Bakın Allah kitap ehlinin hepsini aynı kefeye koymuyor ve onların içinden bir ayrım yapıyor ve onların özelliklerini sayıyor. Bizler bu uyarıdan, bilgiden faydalanmadan fikirle yürütürsek, yanlış yapmış oluruz. Burası çok önemli.
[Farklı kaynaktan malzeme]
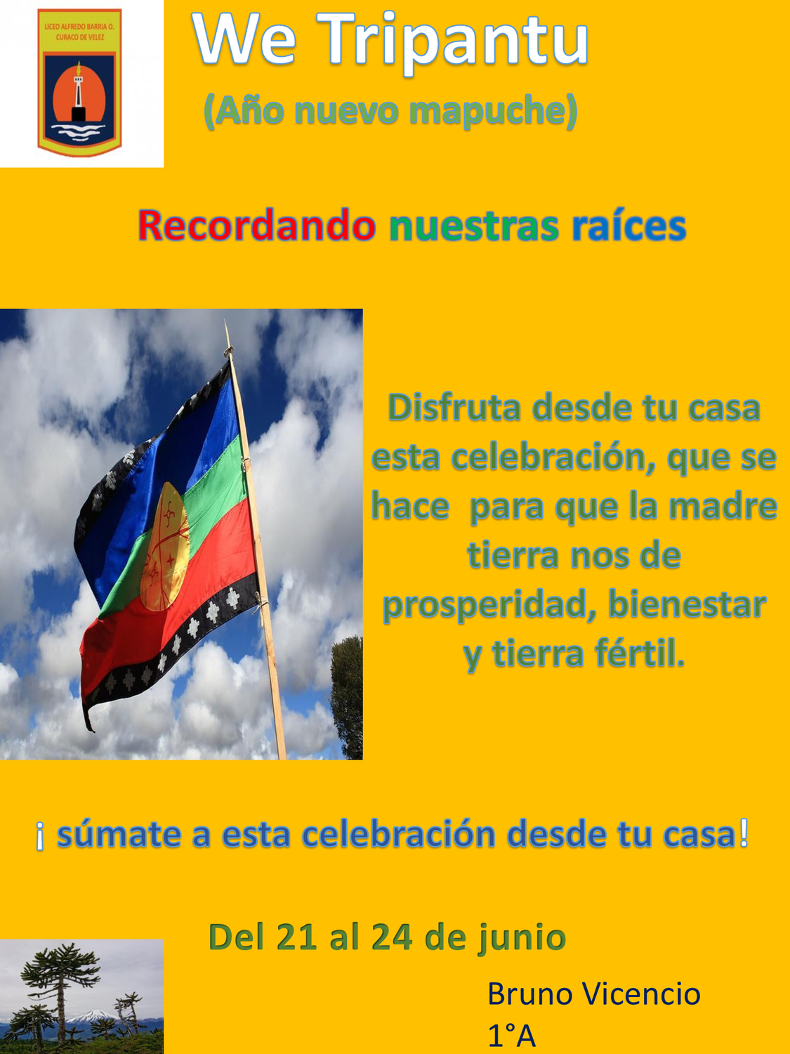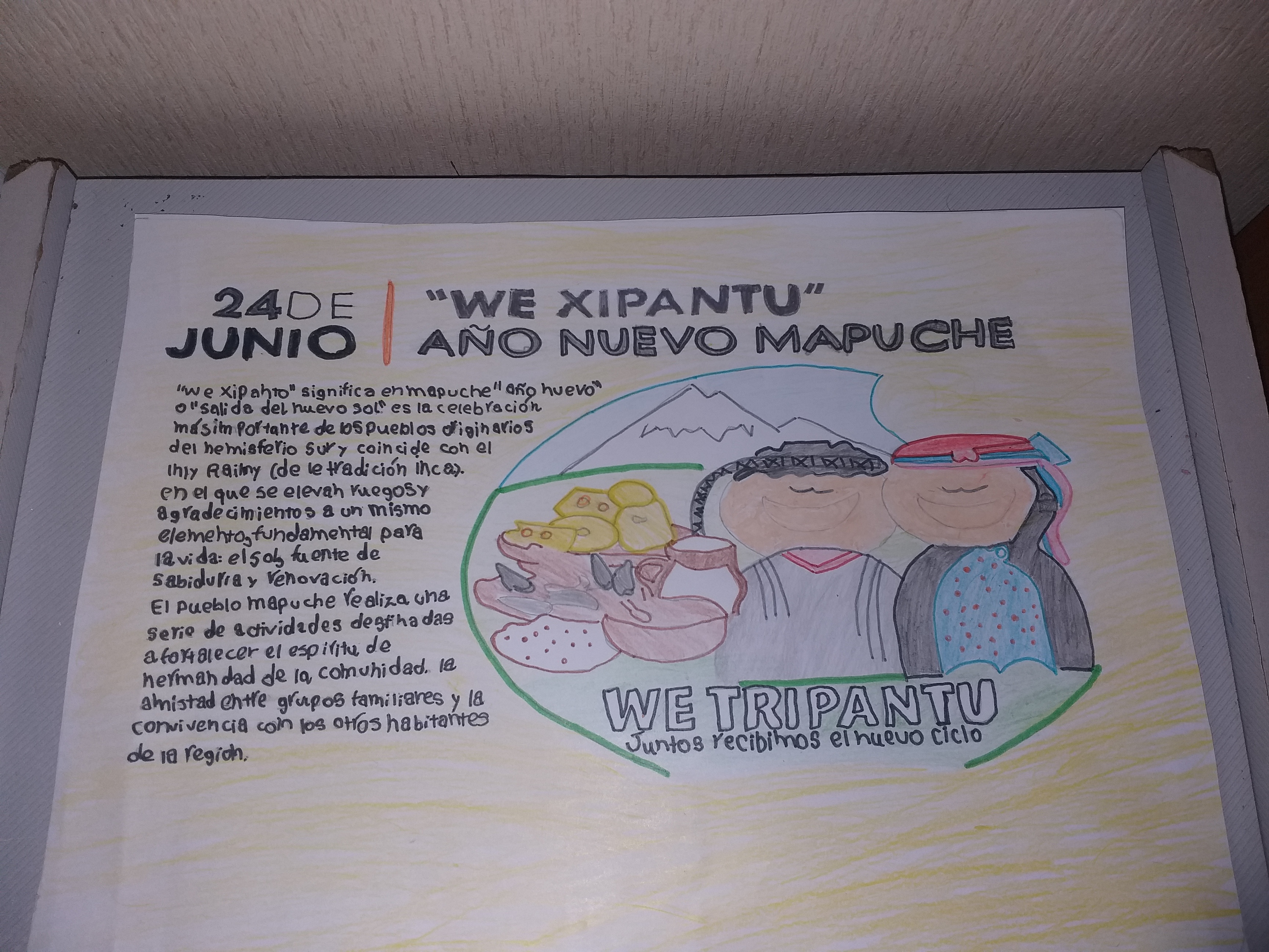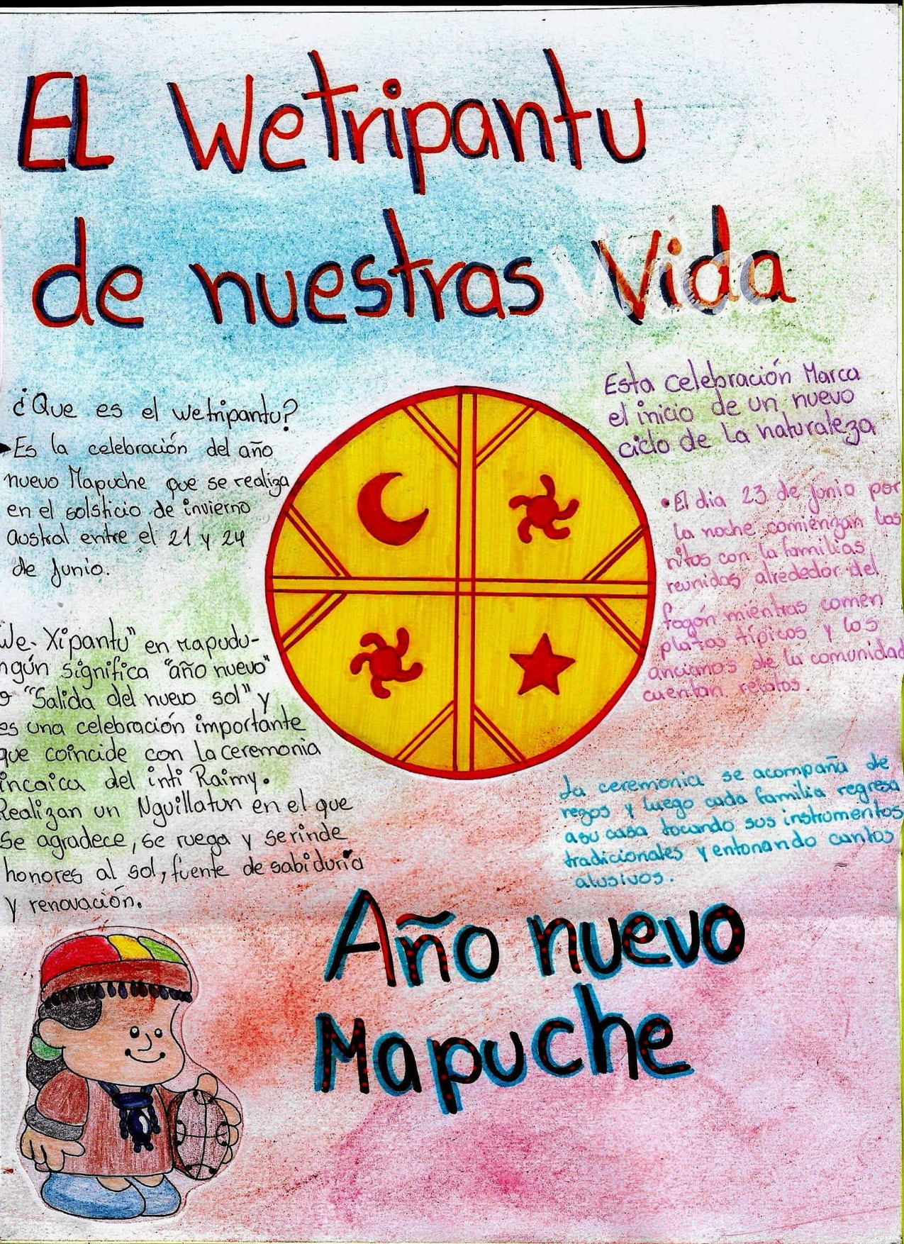 Hoy, 24 de Junio, Noche de San Juan y Wetripantru, fechas con mucho arraigo en nuestras comunidades, quiero dejar con Uds. El saludo y el cariño de nuestros y nuestras estudiantes con sus diferentes formas de expresión. La Profesora Loreto y el Profesor Elías, al igual que todos, confinados en sus casas nos comparten los trabajos de sus estudiantes en la asignatura de Lenguaje y Comunicación.
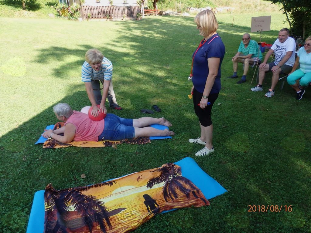 Po napornih vajah pa je sledilo še sproščanje v » masažnem salonu«. Maserka je demonstrirala masažo z žogo. Kar nekaj udeležencev je preskusilo blagodejnost te masaže na svojem telesu. Vsi pa so za svoje zdravje in počutje skrbeli od začetka do konca: Veliko so se smejali!
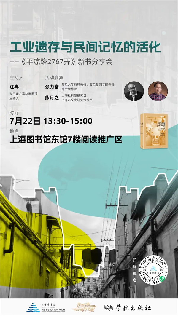 平凉路2767弄,坐落于上海东北角,杨浦区定海路街道,坊间称作“下只角”。1921年,日商公大第一纱厂在此创建。1922年,其配套职员和工人宿舍竣工,定名“公大南北工房”。抗战胜利次年,公大纱厂改为中国纺织建设公司上海第十九纺织厂。新中国成立后,1950年7月1日上海第十九纺织厂更名为国营上海第十九棉纺织厂,社区随之更名为上棉十九厂工房。2021年是平凉路2767弄竣工的第100年,当年9月,复旦大学新闻学院教授张力奋带着12位本科生、2位助教走进这里。一门新的课程——“都市、田野调查与记录”开始了。平凉路2767弄就是他们的“田野”。两年后《平凉路2767弄》由学林出版社正式出版发行。新书出版发行之际,7月22日下午,我们邀请张力奋教授做客上海图书馆东馆,他将和好友上海史知名学者、上海社会科学院熊月之教授一起聊聊这本书的研究背景、田野调查及写作过程。
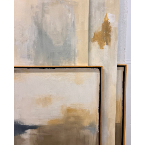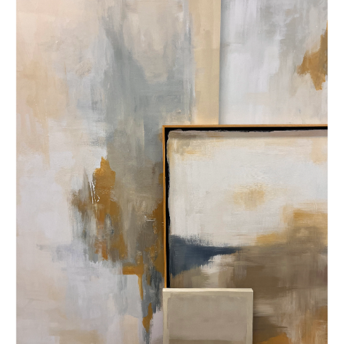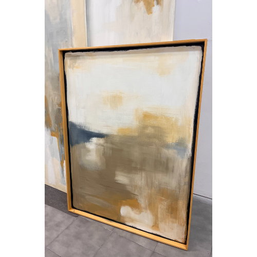 Cuadro abstracto en tonos tostados, acrílico sobre caja americana, parte de una serie de 2. 80×110 cm
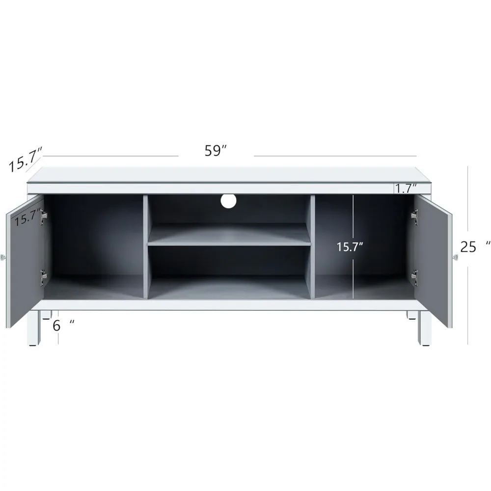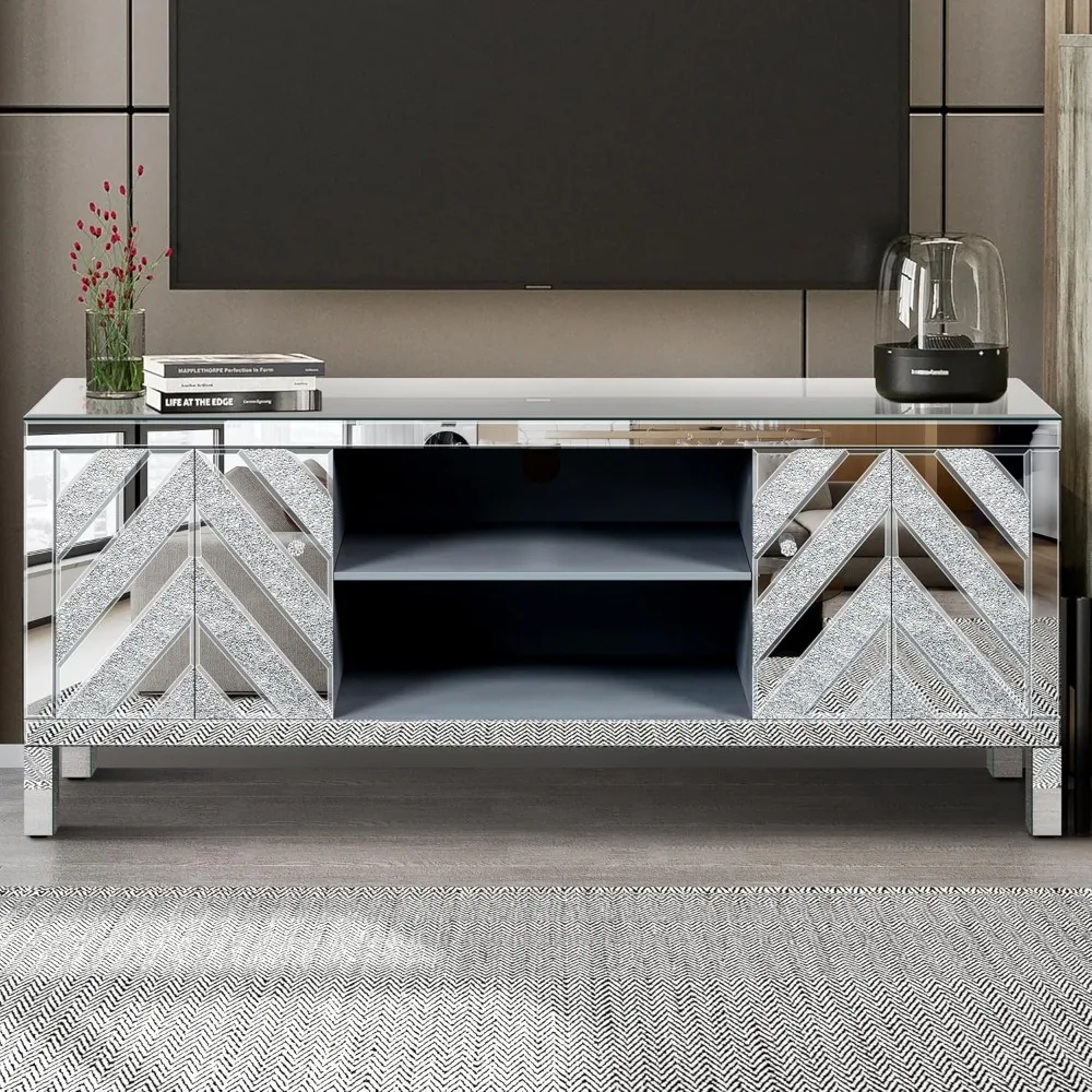 Whether you're hosting a movie night or simply relaxing, this mirrored TV stand offers both style and functionality, elevating the look of your living space while keeping everything organized and within reach. Ideal for those seeking a luxurious, space-saving solution with a bit of sparkle and shine.
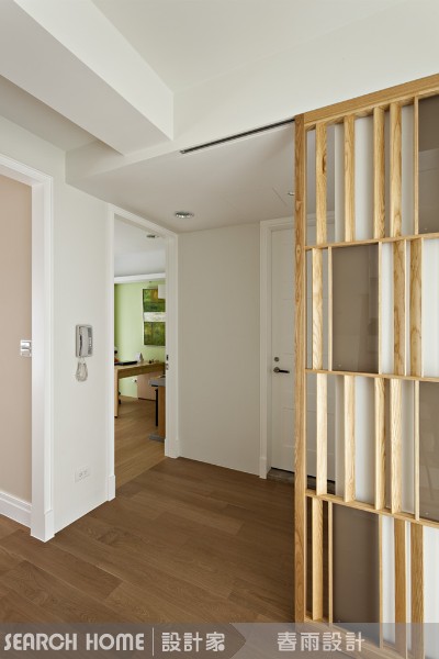 拉門設計也是很棒的隔間提案之一,本案選擇以木質格柵搭配灰玻來構築拉門材質,為空間帶來一種虛實互映的美感,並且在不同材質的對話之間,尋求更多美感激盪的可能。
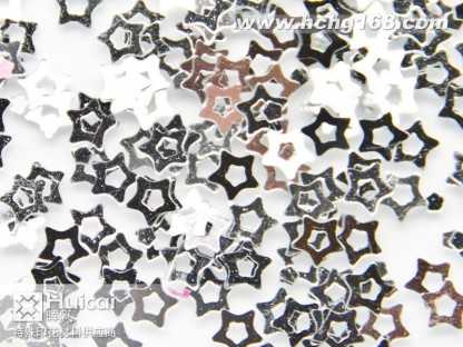 金葱粉:又名闪光片。包括铝质金葱粉,聚酯金葱粉,幻彩粉,镭射金葱粉等。有铝质,PET,PVC材质。大小规格(size)由1/256(0、1mm)至1/8(3、0mm)。形状有六角形,四角形,长条针形和不规则形状,并有多种颜色可供选择。各种材质金葱粉可不同程度承受高温(由80*C,180*C,300*C不等) 。
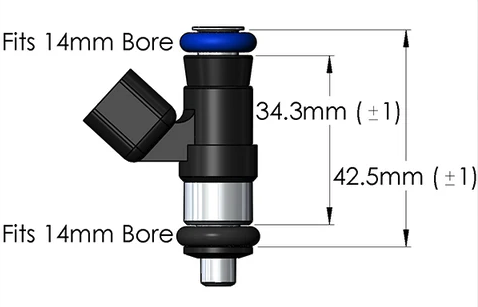 Universal fuel injectors with the dimensions shown below are required when installing this fuel rail. The injectors must have this 34mm height with 14mm o-rings.
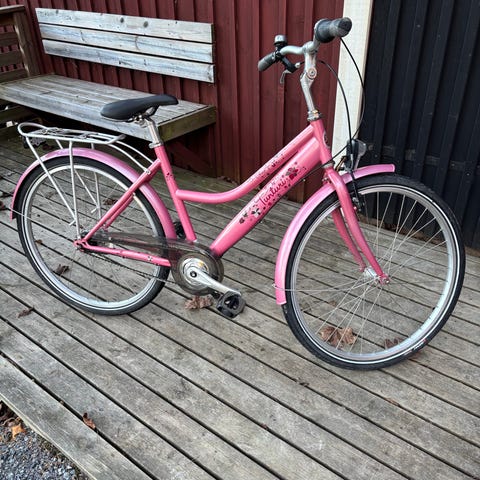 - Vaaleanpunainen, ruskea satula ja kahvat.
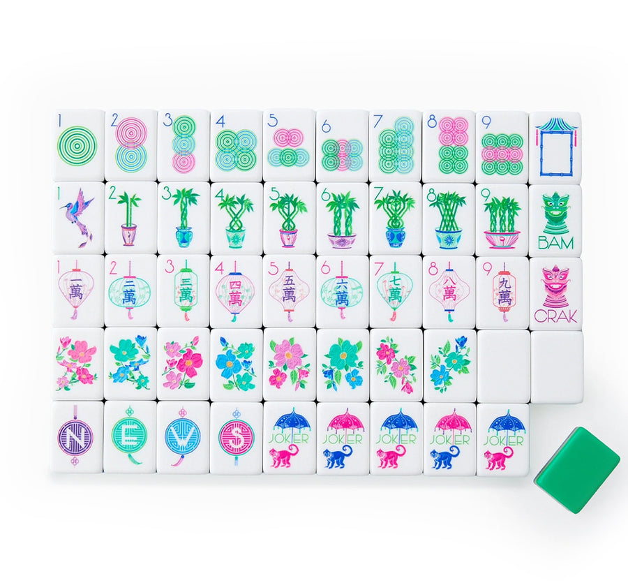 Tiles, a Dice/Coin Bag, and 4 Instructional Cards (you must purchase the NMJL Playing Card separately if you play American Mahjong).
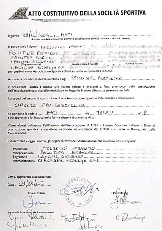 Era una fredda serata quella del 31 dicembre 2004, una serata così lunga che terminò nel nuovo anno. Così, il 1° gennaio 2005, sei indomiti supereroi firmarono l'atto costitutivo del "Circolo Fantasticlub", poi diventato negli anni ASD Fantasticlub, sorto dalle ceneri del defunto Tanaro Club, associazione nata col nome di "Tanaro Pulito" che aveva operato nel borgo sud di Asti fin dal 1988. Presidente Massimo "Max" Lazzarino, vice presidente Francesco "QiQQo" Pellitteri, le due "eminenze grigie anzi, verdi" del Fantasticlub.
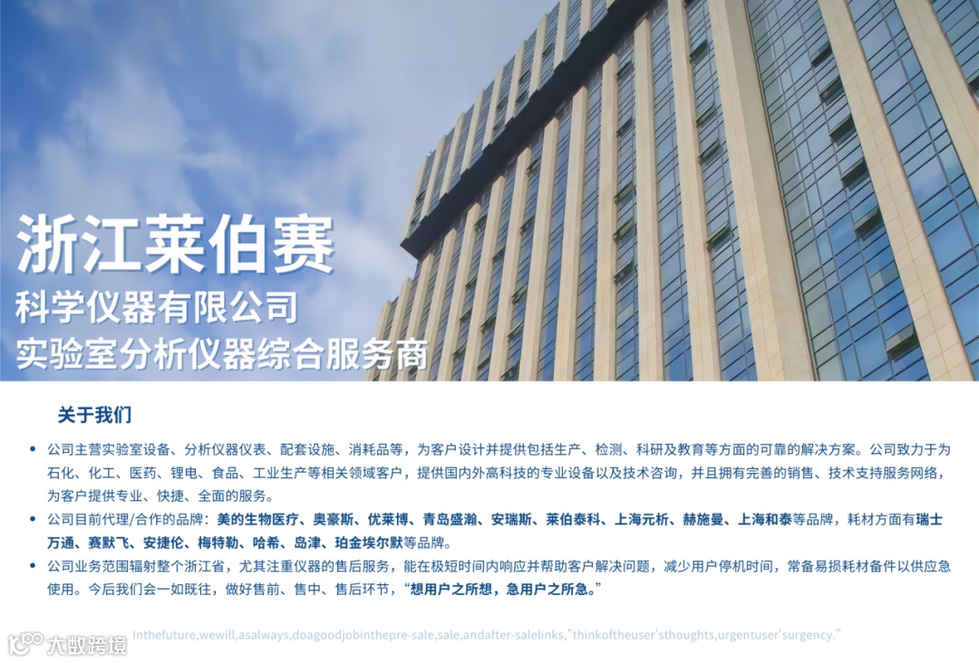 公司主营实验室设备、分析仪器仪表、配套设施、消耗品等,为客户设计并提供包括生产、检测、科研及教育等方面的可靠的解决方案。公司致力于为石化、化工、医药、锂电、食品、工业生产等相关领域客户,提供国内外高科技的专业设备以及技术咨询,并且拥有完善的销售、技术支持服务网络,为客户提供专业、快捷、全面的服务。
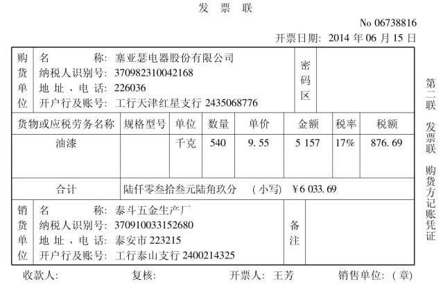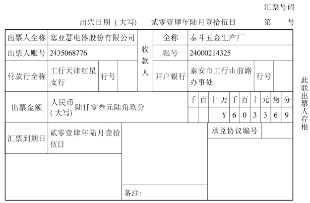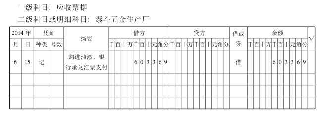 2014年6月15日塞亚瑟电器股份有限公司向泰斗五金生产厂购进油漆,办理了六个月到期的银行承兑汇票用于支付货款。
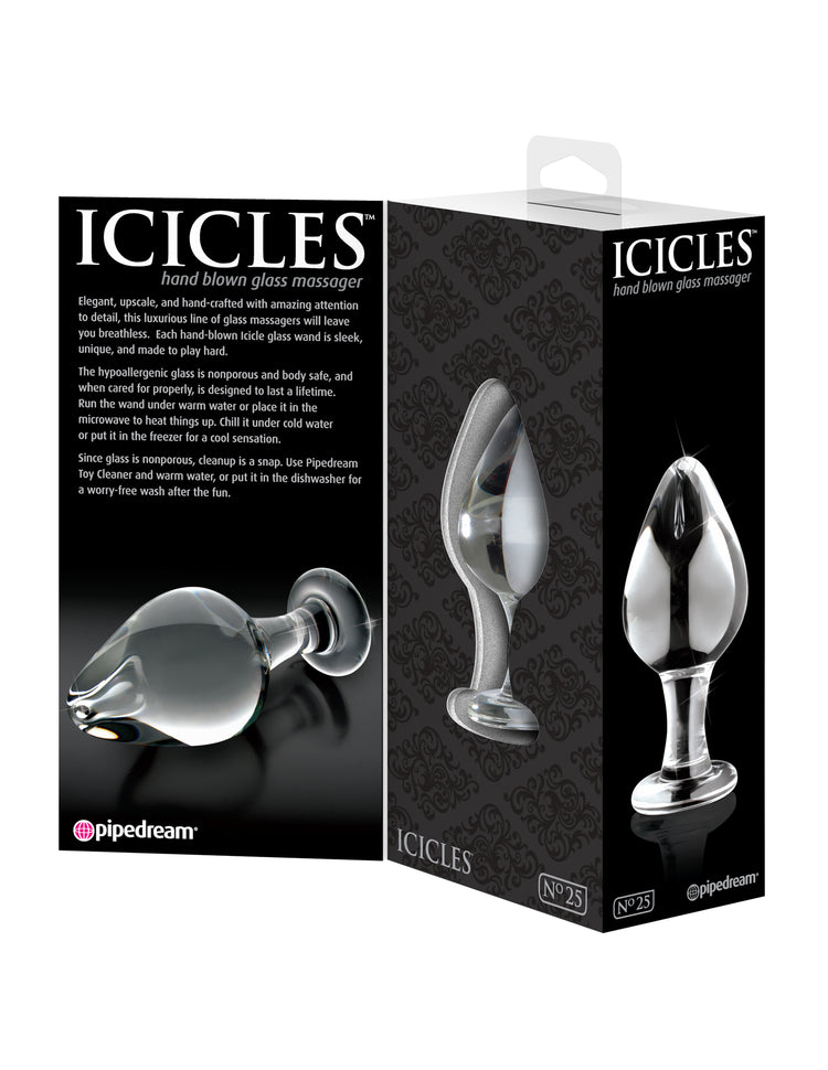Elegant upscale and hand-crafted with amazing attention to detail this luxurious line of glass massagers will leave you breathless. Each hand-blown Icicle glass is sleek and unique and made to play hard. The hypoallergenice glass is nonporous and body safe and when cared properly is designed to last a lifetime. Run the wand under warm water or place it in the microwave to heat things up. Chill it under cold water or put it in the freezer for a cool sensation.
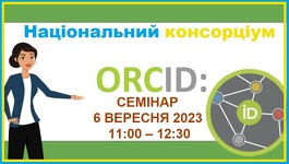 6 вересня 2023 року об 11.00 у рамках співпраці з консорціумом науково-технічна бібліотека пропонує долучитися до семінару, підготовленого ДНТБ України спільно з orcid, про можливості членства у консорціумі.
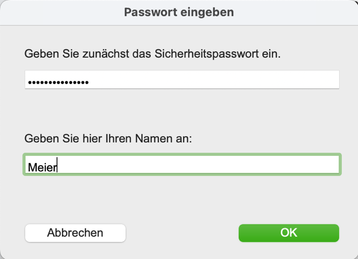 Falls in der Konfigurationsdatei nur eine Kursliste mit den Namen der Schülerinnen und Schüler übermittelt wird und Sie keine Daten an die Schule senden sollen, werden Sie nur nach dem Passwort gefragt.

BU İNSANLAR BATILDAN VE HURAFEDEN UZAK, YALNIZ ALLAH IN İNDİRDİĞİ KİTABA TABİ OLMAK İÇİN ÇABA HARCARLARDI DİYOR. Secdeye kapanan dosdoğru insanlardı demek, yalnız Allah a kul olan ondan başka hiç kimseye kulluk yapmayan, yardım istemeyen, şefaat beklemeyen, yalnız ona secde edenler olduğu açıkça bildiriyor. Bu azınlık kişilerin özelliğini saymaya devam ederken, onlar ALLAH A VE AHİRET GÜNÜNE İNANIRLAR, DOĞRU OLANI EMREDER, EĞRİ OLANDAN SAKINIRLAR VE HAYIRLI İŞLERDE BİRBİRİYLE YARIŞIRLAR DİYOR. İşte Allah ın sevgili kulu olmak ve onun cennetine gitmek isteyenler, Allah ın böyle kullarından olması gerekiyor. Aynı konu Maide 69, ayette de bahsediliyor. Böyle kişiler asla üzülecek değillerdir diye belirtiyor Allah. Şimdi yazacağım ayet üzerinde düşünelim.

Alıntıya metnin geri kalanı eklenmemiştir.